_Available data:_
##########

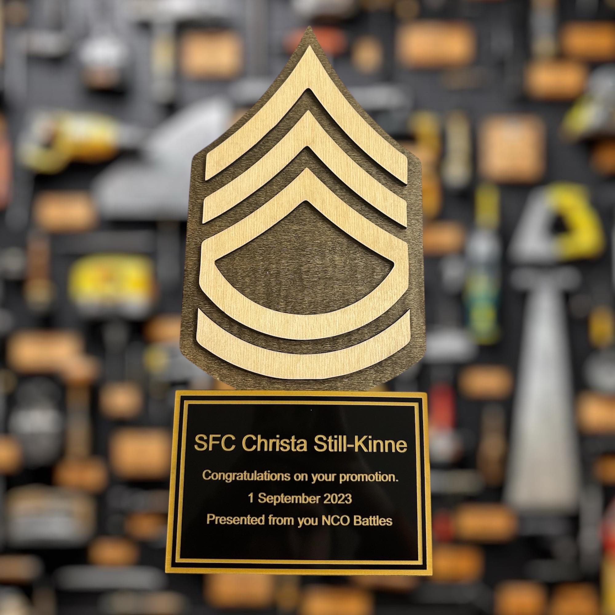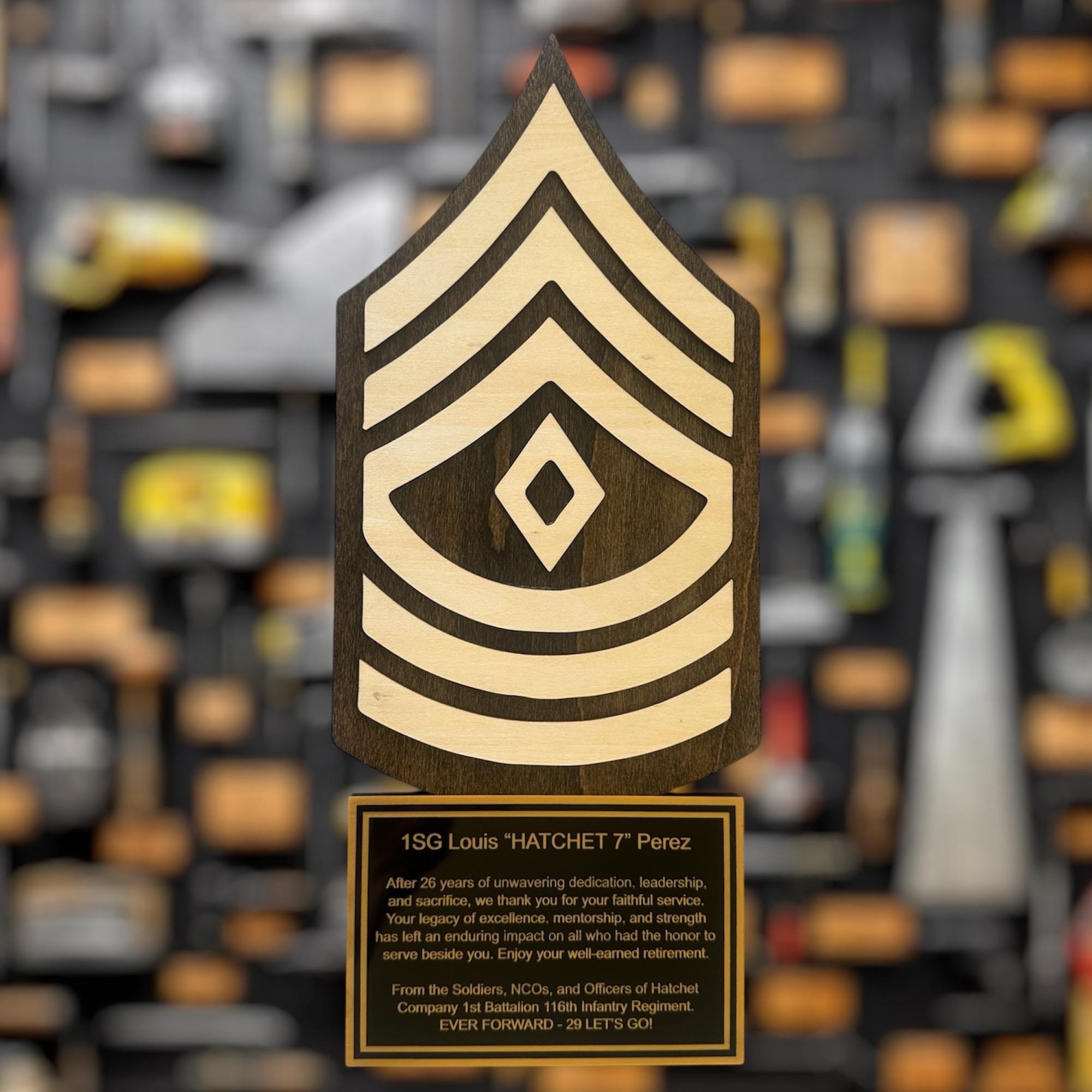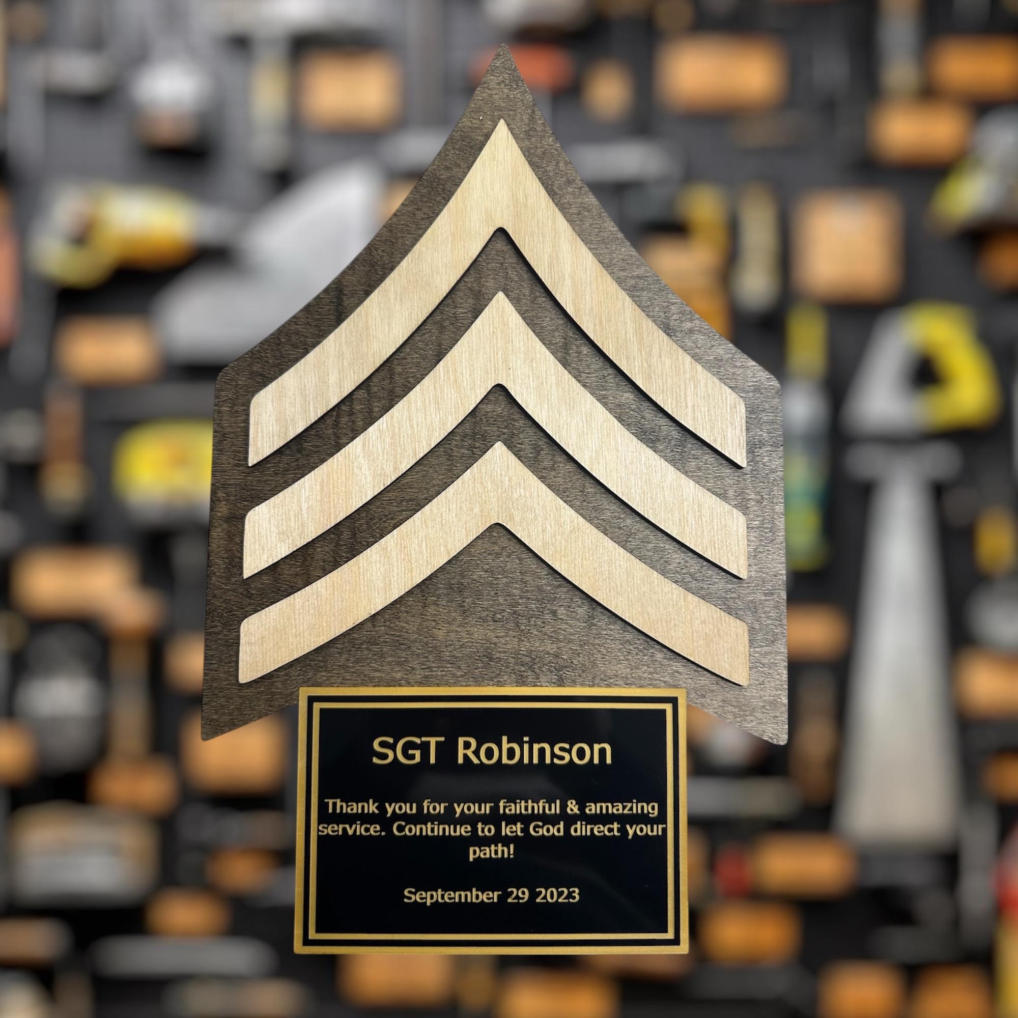 I would recommend this company 10/10. I honestly didn’t think the material would be what it was, so when i opened it, i was even more shocked and happy with my purchase. Plaque is sturdy, & looks very clean. Thank you so much for this amazing product. My bf loved it as his sergeant gift!
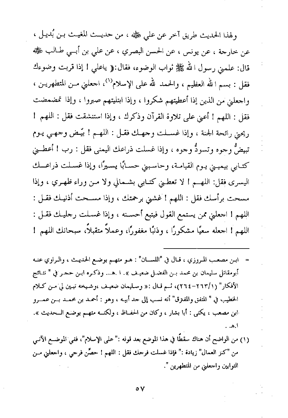 ولهذا الحديث طريق آخر عن علي رضي الله عنه، من حديث المغيث بن بديل، عن خارجة، عن يونس، عن الحسن البصري، عن علي بن أبي طالب رضي الله عنه قال: علمني رسول الله صلى الله عليه وسلم ثواب الوضوء، فقال: "يا علي! إذا قربت وضوءك فقل: بسم الله العظيم، والحمد لله على الإسلام، اجعلني من المتطهرين، واجعلني من الذين إذا أعطيتهم شكروا، وإذا ابتليتهم صبروا، وإذا تمضمضت فقل: اللهم! أعني على تلاوة القرآن وذكرك، وإذا استنشقت فقل: اللهم! ريحني رائحة الجنة، وإذا غسلت وجهك فقل: اللهم! بيض وجهي يوم تبيض وجوه وتسود وجوه، وإذا غسلت ذراعك اليمنى فقل: رب! أعطني كتابي بميني يوم القيامة، وحاسبني حسابا يسيرا، وإذا غسلت ذراعك اليسرى فقل: اللهم! لا تعطني كتابي بشمالي ولا من وراء ظهري، وإذا مسحت برأسك فقل: اللهم! غشني برحمتك، وإذا مسحت أذنيك فقل: اللهم! اجعلني ممن يستمع القول فيتبع أحسنه، وإذا غسلت رجليك فقل: اللهم! اجعله سعيا مشكورا، وذنبا مغفورا، وعملا متقبلا، سبحانك اللهم!
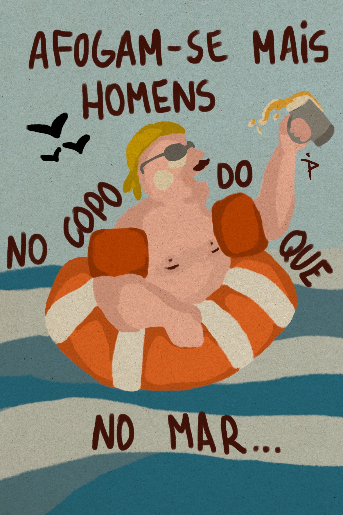 ILUSTRAÇÃO "AFOGAM-SE MAIS HOMENS NO COPO QUE NO MAR" INÊS PEREIRA
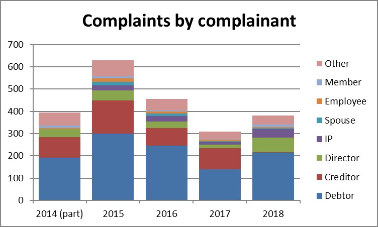 • Only two complaints (of the 381 referred to the RPBs) had been received from creditors! As usual, debtors were the most frequent complainers, but complaints lodged by directors and IPs showed quite an increase

##########

_Exercise details:_
Without the pictures, give every line above again exactly.

_Your response:_
 I would recommend this company 10/10. I honestly didn’t think the material would be what it was, so when i opened it, i was even more shocked and happy with my purchase. Plaque is sturdy, & looks very clean. Thank you so much for this amazing product. My bf loved it as his sergeant gift!
 ولهذا الحديث طريق آخر عن علي رضي الله عنه، من حديث المغيث بن بديل، عن خارجة، عن يونس، عن الحسن البصري، عن علي بن أبي طالب رضي الله عنه قال: علمني رسول الله صلى الله عليه وسلم ثواب الوضوء، فقال: "يا علي! إذا قربت وضوءك فقل: بسم الله العظيم، والحمد لله على الإسلام، اجعلني من المتطهرين، واجعلني من الذين إذا أعطيتهم شكروا، وإذا ابتليتهم صبروا، وإذا تمضمضت فقل: اللهم! أعني على تلاوة القرآن وذكرك، وإذا استنشقت فقل: اللهم! ريحني رائحة الجنة، وإذا غسلت وجهك فقل: اللهم! بيض وجهي يوم تبيض وجوه وتسود وجوه، وإذا غسلت ذراعك اليمنى فقل: رب! أعطني كتابي بميني يوم القيامة، وحاسبني حسابا يسيرا، وإذا غسلت ذراعك اليسرى فقل: اللهم! لا تعطني كتابي بشمالي ولا من وراء ظهري، وإذا مسحت برأسك فقل: اللهم! غشني برحمتك، وإذا مسحت أذنيك فقل: اللهم! اجعلني ممن يستمع القول فيتبع أحسنه، وإذا غسلت رجليك فقل: اللهم! اجعله سعيا مشكورا، وذنبا مغفورا، وعملا متقبلا، سبحانك اللهم!
 ILUSTRAÇÃO "AFOGAM-SE MAIS HOMENS NO COPO QUE NO MAR" INÊS PEREIRA
 • Only two complaints (of the 381 referred to the RPBs) had been received from creditors! As usual, debtors were the most frequent complainers, but complaints lodged by directors and IPs showed quite an increase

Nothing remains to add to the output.